Tags: justice department | election | monitors

Justice Department Election Monitors Dispatched as Holder Slams ID Laws

By    |   Tuesday, 04 Nov 2014 12:12 PM

The Justice Department announced Monday it will send election monitors to 18 states for the midterm elections, a practice that dates back to the Voting Rights Act of 1965, but Attorney General Eric Holder quickly politicized the traditionally nonpartisan exercise in an accompanying video.

In the short speech, Holder, who has come under increasing criticism for politicizing his office, states his partisan opinions on voter ID laws as fact.

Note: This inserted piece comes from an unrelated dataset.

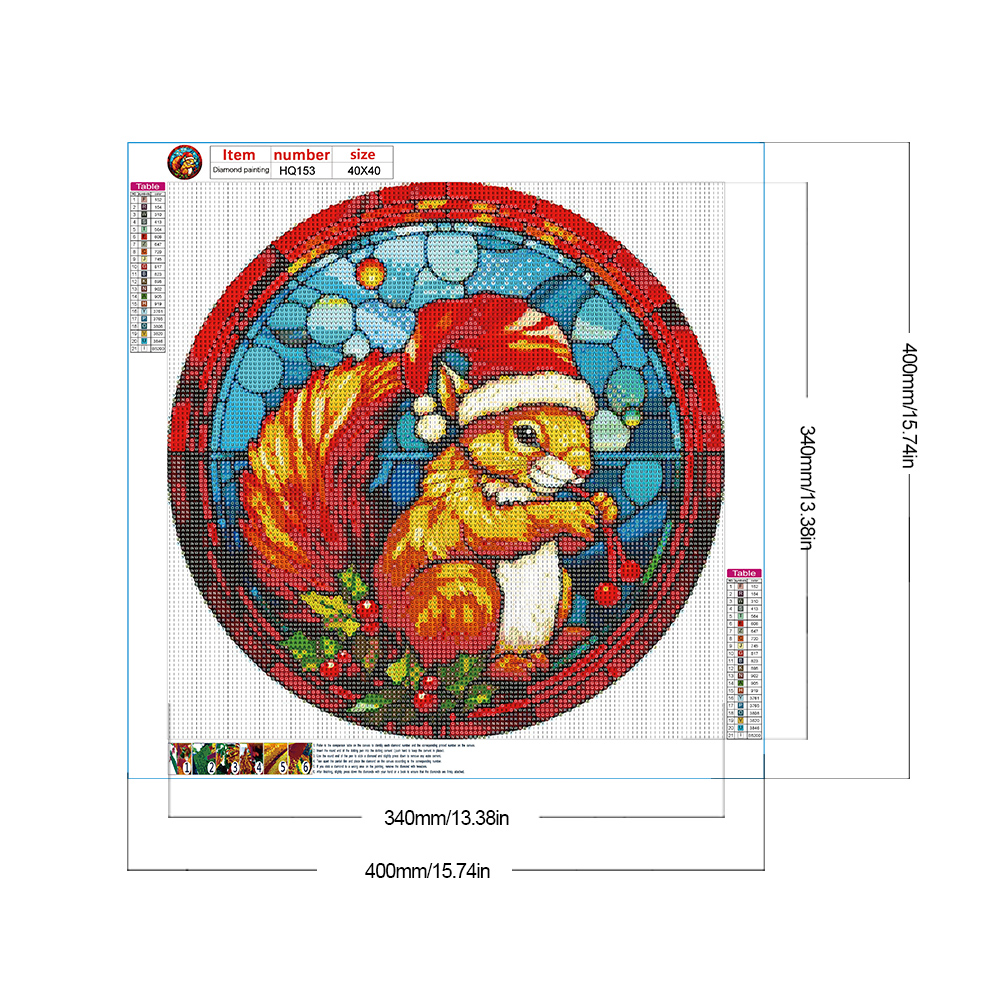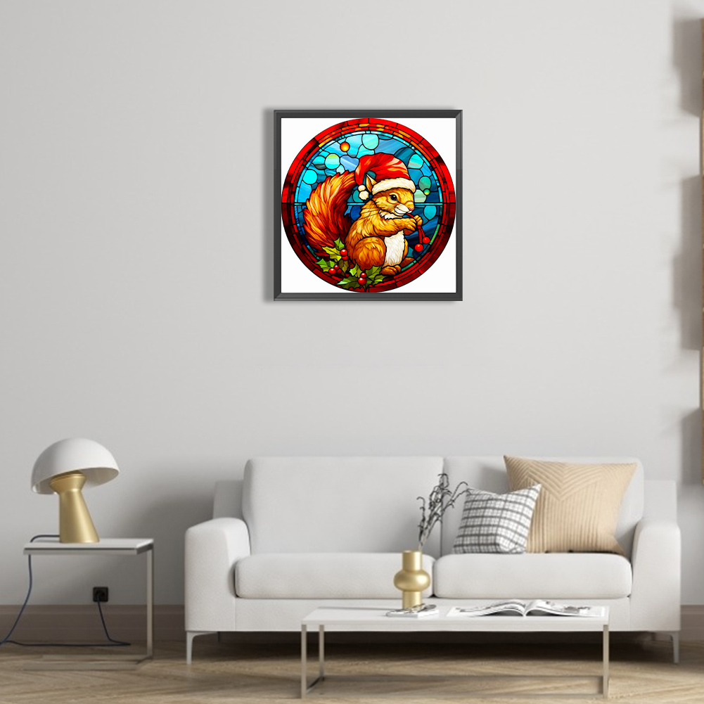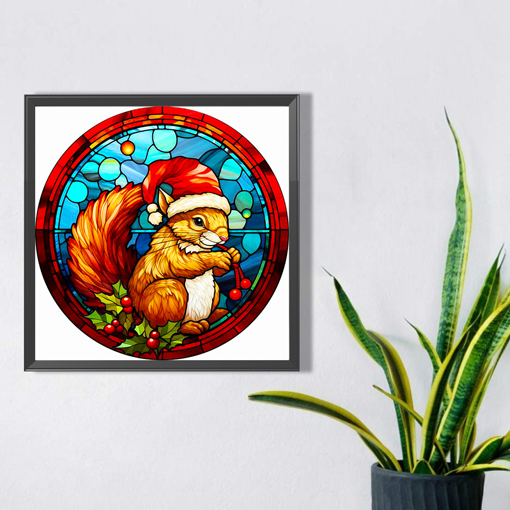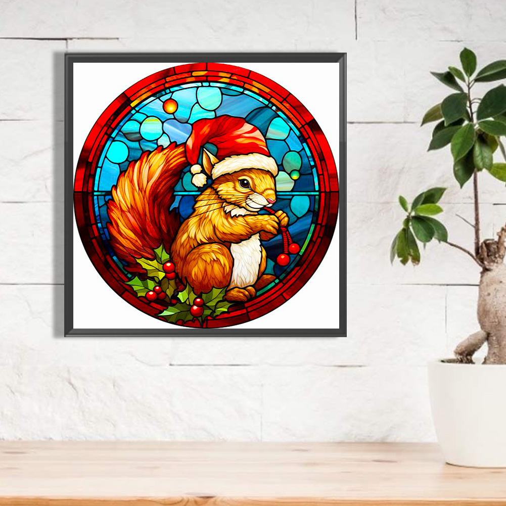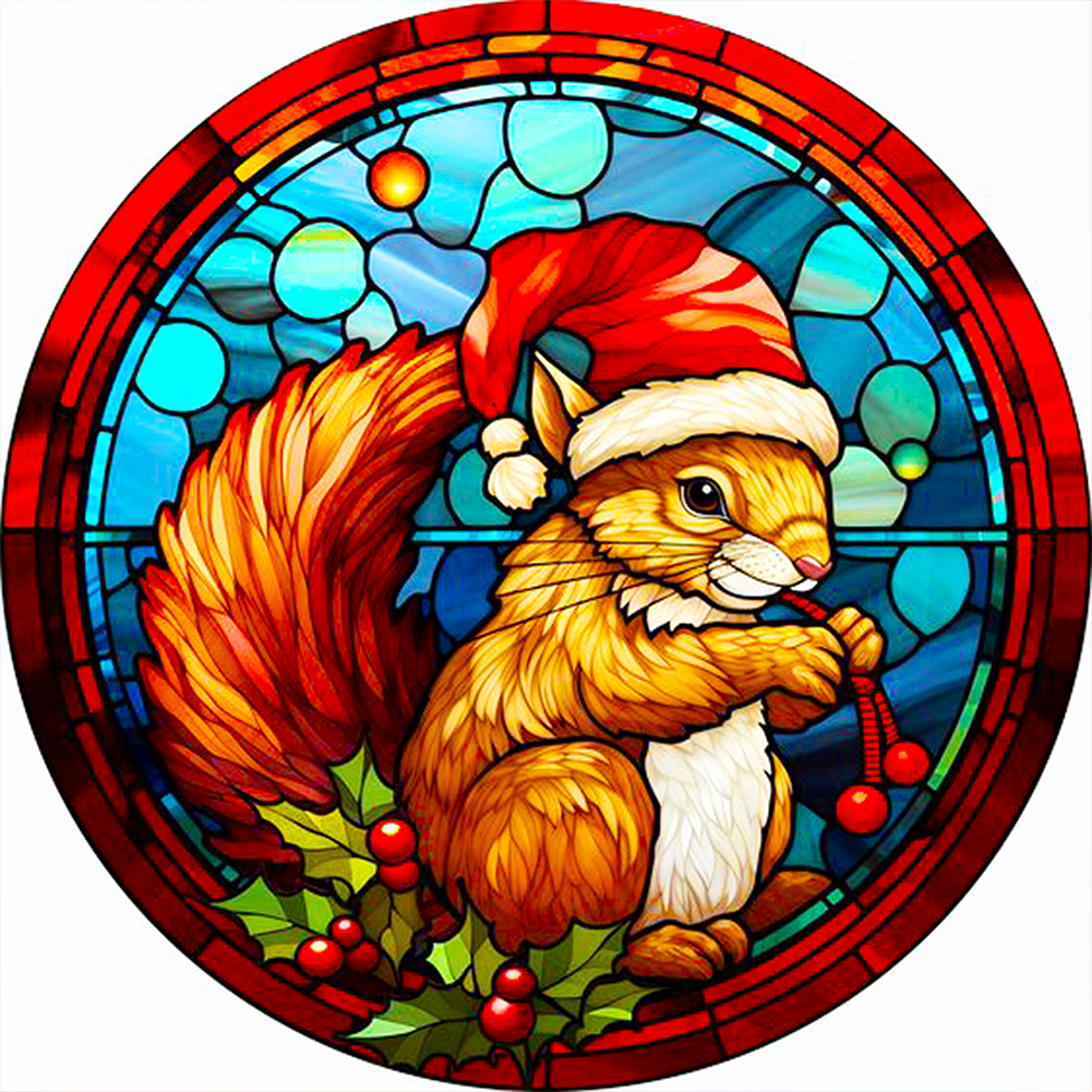 Diamond Painting - Full Round Drill - Stained Glass Xmas Squirrel(Canvas|40*40cm)

While even the U.S. Supreme Court has long recognized voter ID laws as an election safeguard against fraud, Holder calls them "restrictive," "burdensome," and "out of step with history" in the video.

Last month, Holder challenged a Texas voter ID law "described as the toughest in the nation," according to The Washington Post. The Supreme Court upheld the law, handing a defeat to the agency, and reinforcing photo IDs as a measure to prevent voting fraud.

Holder called the decision a "major step backward," while deputy communications director for Texas Attorney General Greg Abbott released a statement that said, "The U.S. Supreme Court has already ruled that voter ID laws are a legal and sensible way to protect the integrity of elections."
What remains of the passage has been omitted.